A wonderful aspect of Thanksgiving is the fact that decorating a table or even multiple tables does not take long. Traditional symbols for the season can be found, bought, and collected through the years and reused in multiple ways. For example, a flower arrangement in fall colors can be highlighted for Thanksgiving using festive place card holders … just use your imagination!
Thanksgiving — an act, an attitude, and a holiday all rolled into one of the happiest days on the calendar. While each holiday has a number of attributes to recommend it, Thanksgiving is one of my favorites.
It tends to be laid back, it’s a time for family to gather, the meal is wonderful, and since the focus really is on the meal there aren’t too many rules or expectations about what the decor should be.
From a burlap runner on an improvised outdoor table, to silver and crystal in the dining room, and every level of formality in between, people are simply excited to gather. Since such a broad range of Thanksgiving decor options are available, you might be awash in a sea of indecision about what to do for the holiday this year. Formal, casual, inside, or outside? We need to wipe that indecision away so you can put your focus where it needs to be: on important matters like how many desserts you’re having and what they’re going to be.
One of the beautiful aspects of Thanksgiving is that you don’t have to decorate your whole house inside and out (unlike another holiday that won’t be mentioned here).

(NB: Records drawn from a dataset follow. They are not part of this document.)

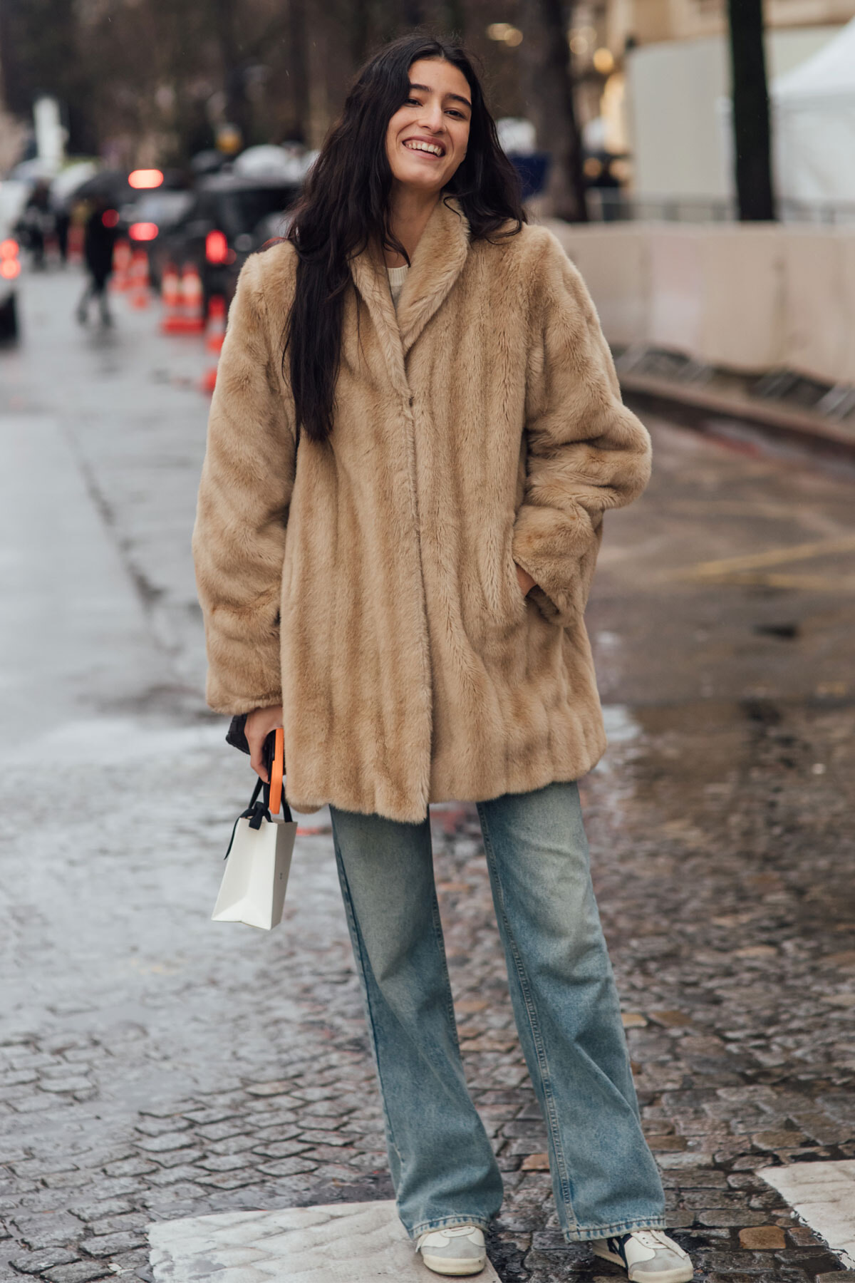 最後はシャネルのオートクチュール コレクションのショーに出ていたモデル。色褪せたジーンズ+スニーカーを合わせていて、首元からちらりと白を見せている。肩の力を抜いてファーを着るお手本。
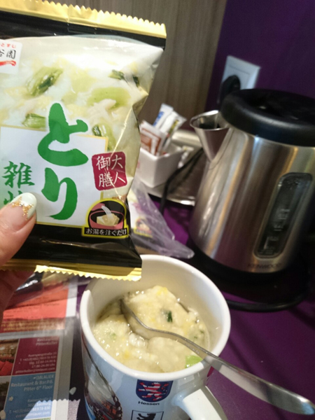 だので今日は持ってきた雑炊食べますです。今まで欧州のホテルで見掛けなかったポットもあるしね!
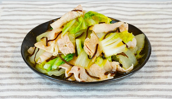 2. 將白菜、部長和豬肉依序放入耐熱容器中
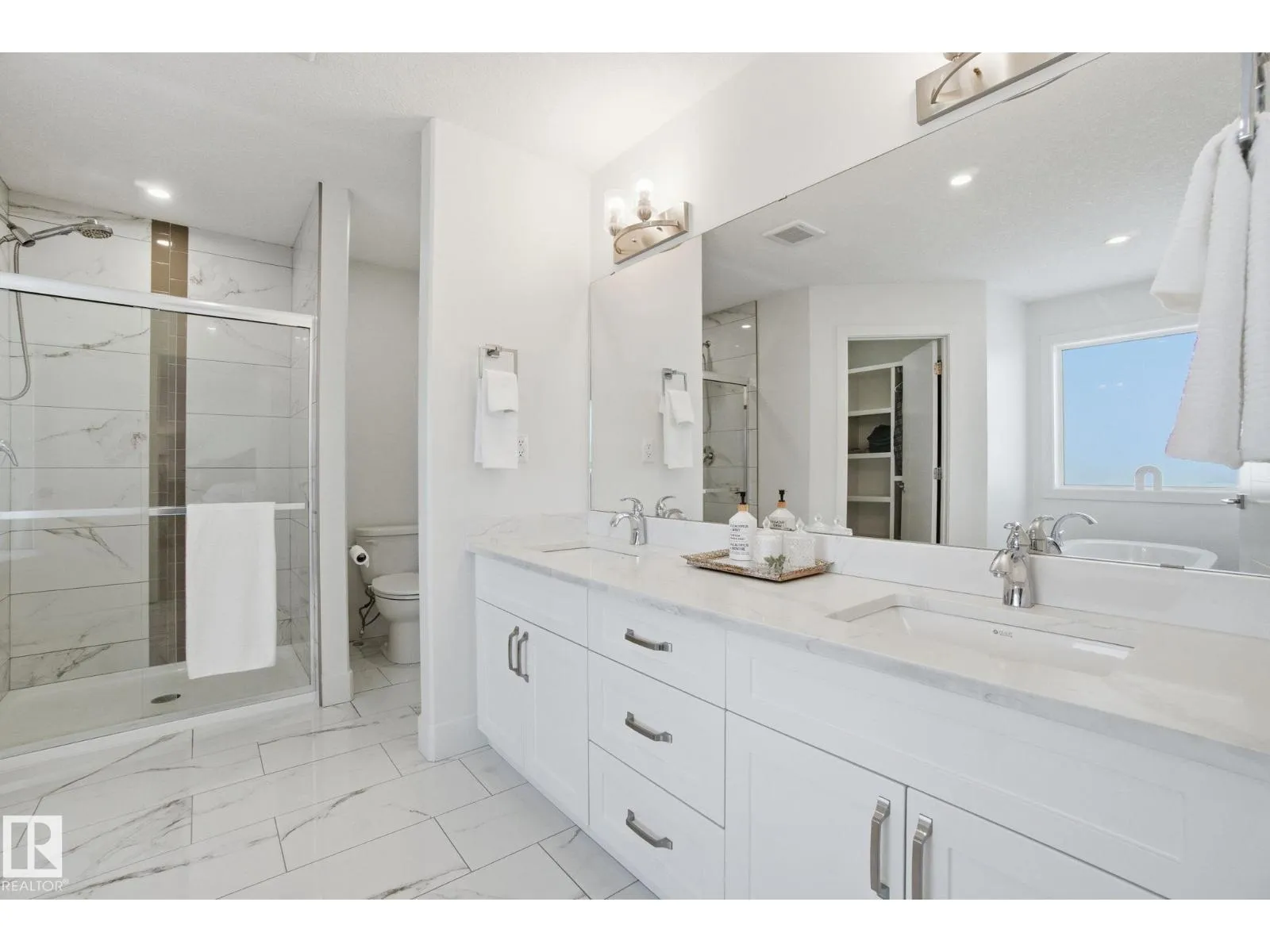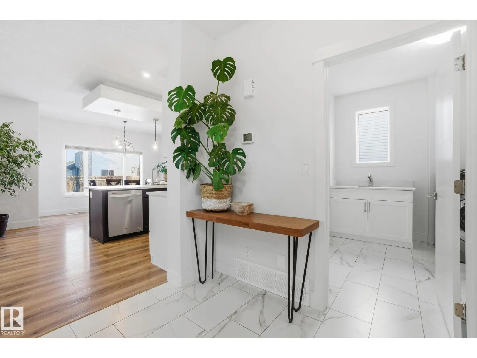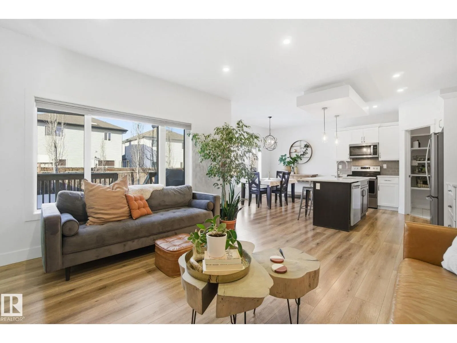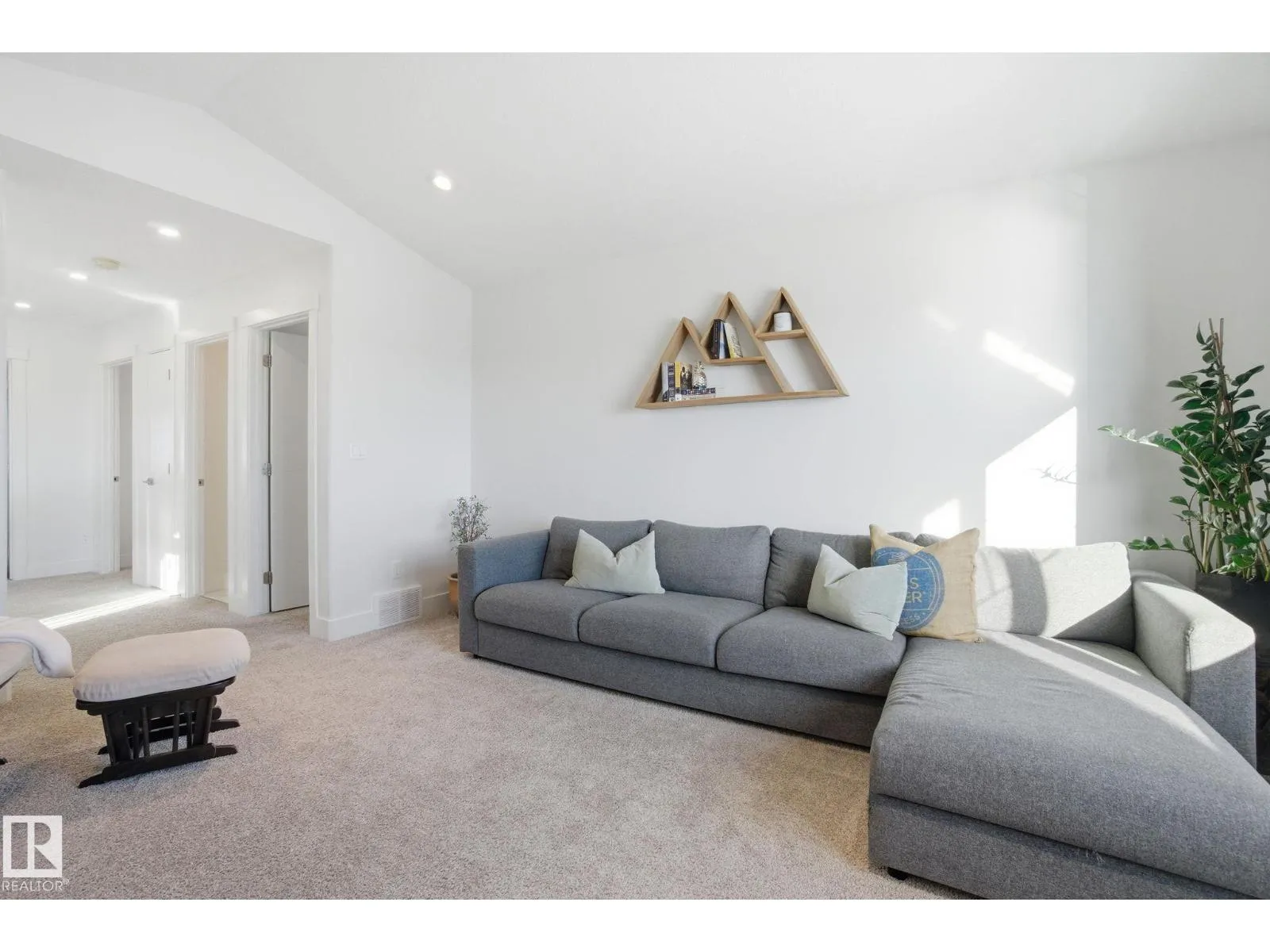 Welcome to this gorgeous home featuring stunning entry w/accent wall, custom stairway & open to above ceiling. Quartz counters throughout, ½ bath, generous main floor laundry w/sink, large kitchen w/under-cabinet lighting, soft closing drawers, walk thru pantry w/built-in shelving, ss appliances, & island w/seating. Generous dining area ideal for hosting & access to deck. The living room has floor to ceiling tile feature wall w/gas fireplace & decorative shelving. Upstairs offers great family room + 3 large bdrms, including primary w/walk-in closet, beautiful ensuite w/his & hers sinks, tiled glass walk-in shower & stand-alone tub. Basement contains good sized bdrm, framing complete + wiring for rec room, mechanical, storage & roughed-in bath. OS double garage w/floor drain, water tap, convenient side door & high ceilings w/2 storage racks. Landscaping done w/numerous fruit trees & specialty plants. Enjoy the summer on your large deck w/gas hookup & pergola. High quality build by Arcadia Homes. (id:27476)
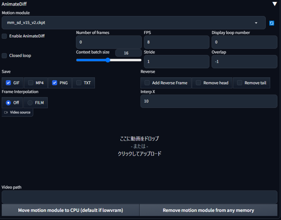 実際にStableDiffusionからAnimateDiffを開くとこんな感じになっています。
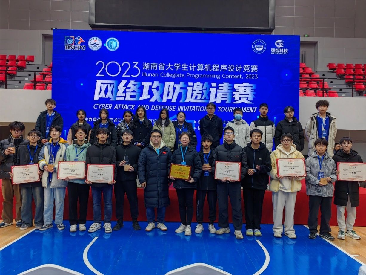 12月17日,湖南省大学生计算机程序设计大赛—网络攻防邀请赛决赛在湖南农业大学举办。由beat365信息学院网络工程专业李曾妍老师、张政老师、彭剑老师指导的6支参赛队伍在比赛中斩获佳绩,获得全省一等奖1项、二等奖5项,其中一支参赛队获得一等奖第1名,摘下总分第一、攻击得分第一、防守得分第一,有幸获得孙家广院士亲手颁奖。beat365荣获优秀组织奖。
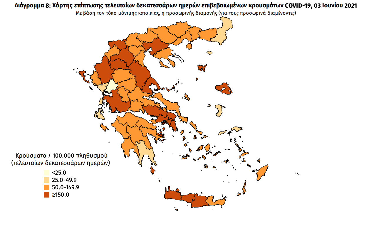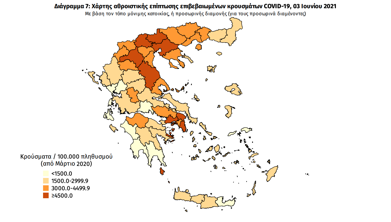 Γεωγραφική διασπορά: Ο χάρτης αποτυπώνει τη γεωγραφική κατανομή των συνολικών κρουσμάτων COVID-19 (από την αρχή της επιδημίας) ανά Περιφερειακή Ενότητα της χώρας, με βάση την δηλωθείσα διεύθυνση μόνιμης κατοικίας του ασθενούς, ή τη διεύθυνση προσωρινής διαμονής για τους τουρίστες και άλλους προσωρινά διαμένοντες στην Ελλάδα. Συμπεριλαμβάνονται τόσο κρούσματα με ιστορικό ταξιδίου (“εισαγόμενα”) όσο και κρούσματα με πιθανή εγχώρια μετάδοση.
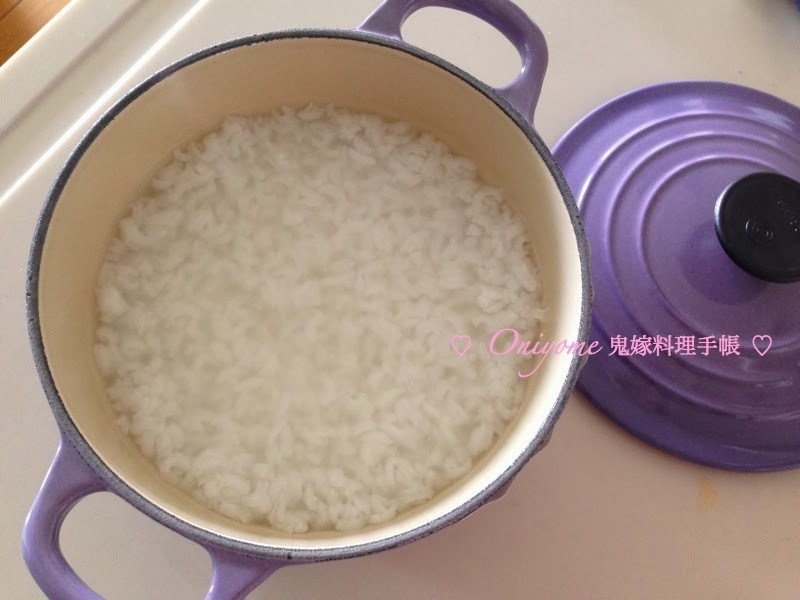 米洗好,加入熱水,不用加蓋,入蒸爐 100度蒸 45分鐘
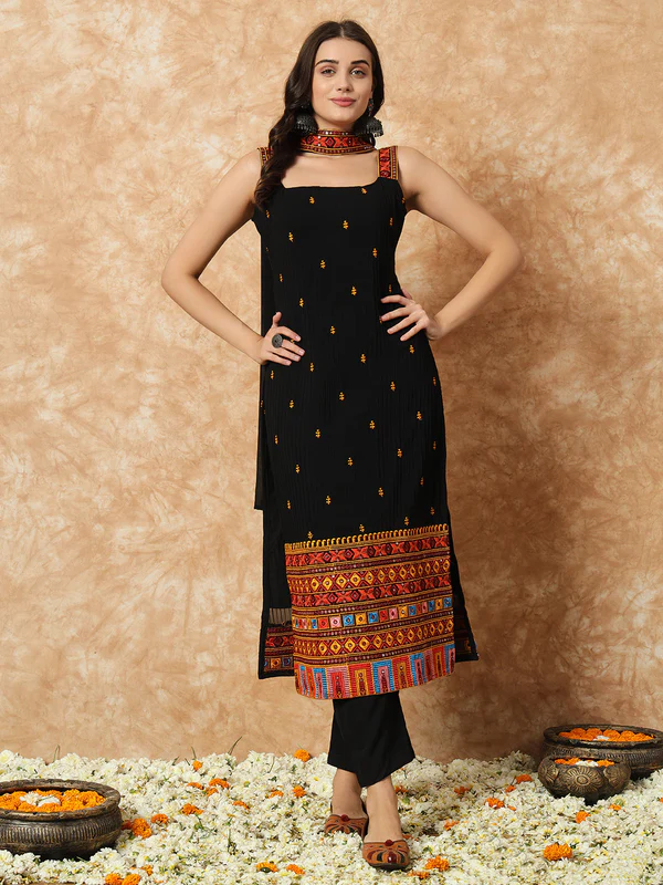 “Loving my new Georgette Embroidery Straight Black Kurta Set!  The intricate embroidery details and flowy fabric make me feel like a queen  Plus, it’s perfect for any occasion – from a casual day out to a fancy event.  Who else is obsessed with this elegant and versatile piece?
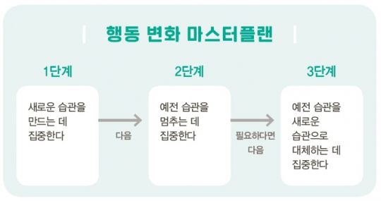 p.7 좋은 습관을 만들고 행동을 바꾸는 일이 성공하려면 다음 세 가지를 지켜야 한다.
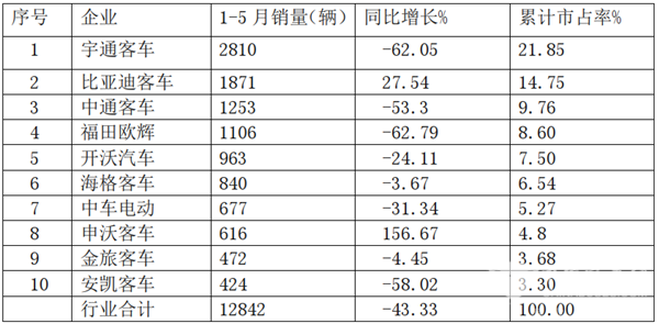 1-5月累计销量中,宇通遥遥领先,独占鳌头;比亚迪居夺得亚军,中通摘取季军,前三排名相对平稳;排名第4以后,企业你争我夺;竞争胶着;TOP10中累计同比6降4增;同比增长最大的是申沃客车,同比降幅最大的是福田欧辉
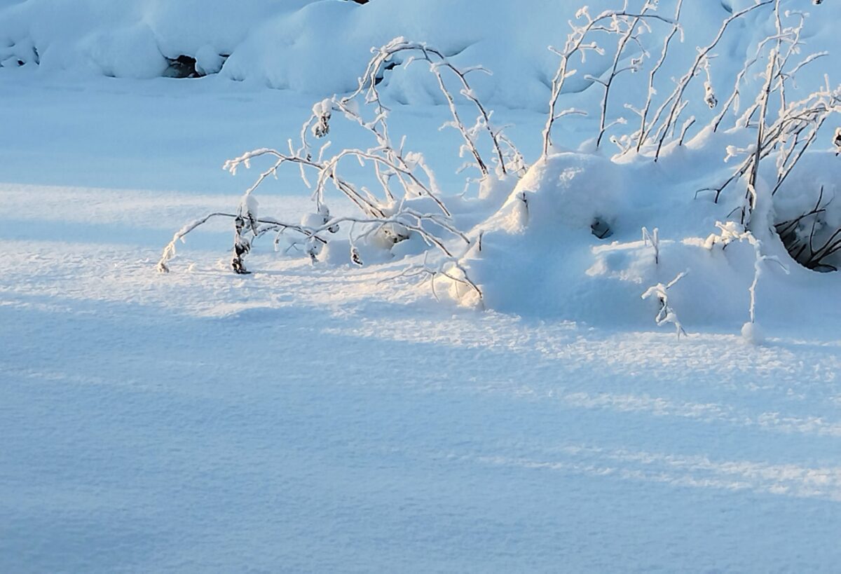 Kaunis pakkashetki auringon säteiden tuodessa esiin lumen kauneuden.

The decorative effort is focused on the table where the meal will be served. A second beautiful aspect is that decorating a table or even multiple tables does not take long.
While we’re basking in the happy realization that, well goodness, it’s just setting the table for heaven’s sake, we’ll move on and start to gather the things we’ll need. Plates, napkins, glasses, and utensils are all good starting points, and, as luck would have it, we have all of those so, we’re sort of on a roll and we just started! Now we’ll just add in some of the traditional symbols that evoke the Thanksgiving story — turkeys, Pilgrims, pumpkins, corn — and away we go! Things are moving so quickly we might be finished with the table any minute now leaving plenty of time to start thinking about dessert.
While you’re trying to remember why you bought so many faux pumpkins last year, and where your good tablecloth is anyway, we’ll take just a minute to talk about three main forms your table can take, and then you can decide which form will be the most useful for this particular Thanksgiving. The table can have one long runner spanning its full length, one main centerpiece in the middle of the table, multiple small decorations scattered around the table, or more than one of these elements can be combined into a whole new design.
Starting with the table runner, the only real guideline is to leave room on the table for everything that needs to go there. The width of the runner shouldn’t crowd the place settings. A runner is best when the food is being served from a sideboard or buffet because the runner takes up the space on the table that the food would have occupied.
The runner itself has so very many possibilities, such as a tablecloth with a cloth runner on top, a bare table with a cloth runner, a cloth runner with a wonderful assortment of large and small pumpkins spilling down the table, a bare table with a wonderful assortment of large and small pumpkins spilling down the table, simple greenery interspersed with pumpkins and candles running the length of the table, and did we mention all the very attractive paper runners that are on the market now? Lots and lots of choices are available. A runner will emphasize the length of a table in the same way that wearing vertical stripes emphasizes the height of a person; a long narrow runner makes a table look longer.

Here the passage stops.